_Requirement_
Starting at the first line of the data, print each line verbatim up to and including the line bearing "한편 추석 연휴기간에도", omitting pictures.

[Material for this exercise Boundary: Start]

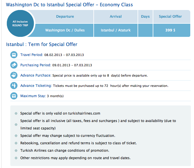 Turkish Airways has a $399 fare from Washington, D.C. (IAD) to Istanbul (IST) on its non-stop Flight 8, returning on its non-stop Flight 7.
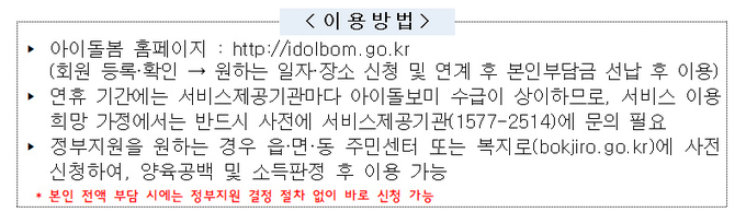 한편 추석 연휴기간에도 돌봄 서비스가 필요한 가정을 위해 아이돌봄서비스를 정상 운영하고 이용요금도 평일 요금(시간당 1만 1080원)을 적용한다.
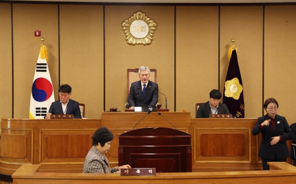 정영섭 부의장은 개회사에서 “이번 정례회는 내년도 예산안 심사를 통해 2025년 새해를 설계하는 중요한 회기이므로 의회와 집행기관이 한층 더 긴밀한 소통과 협력을 통해 군민의 기대에 부응하는 생산적인 회기가 되기를 바란다”고 당부했다.
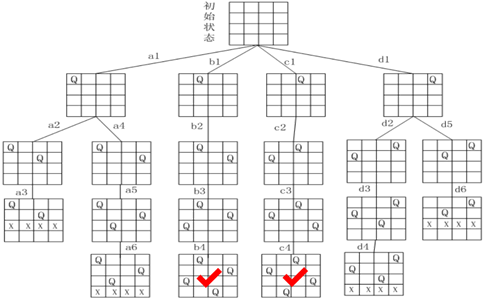 在一个N*N的棋盘上放置N个皇后,且使得每两个之间不能互相攻击,也就是使得每两个不在同一行,同一列和同一斜角线上。以n=4为例。
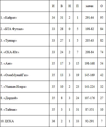 Голы: Фумаса 2, 17, 27, Лео Сантана 3, Жоан 4, Смаков 27, Мурзабаев 31,
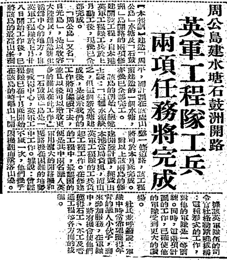 註11:十塱水塘早期為長洲提供食水,1955年9月3日舉行食水開放典禮,數日後,時任港督實地視察十塱水塘,但似乎沒有舉行任何揭幕典禮。

[Material for this exercise Boundary: End]

_Written answer_
 Turkish Airways has a $399 fare from Washington, D.C. (IAD) to Istanbul (IST) on its non-stop Flight 8, returning on its non-stop Flight 7.
 한편 추석 연휴기간에도 돌봄 서비스가 필요한 가정을 위해 아이돌봄서비스를 정상 운영하고 이용요금도 평일 요금(시간당 1만 1080원)을 적용한다.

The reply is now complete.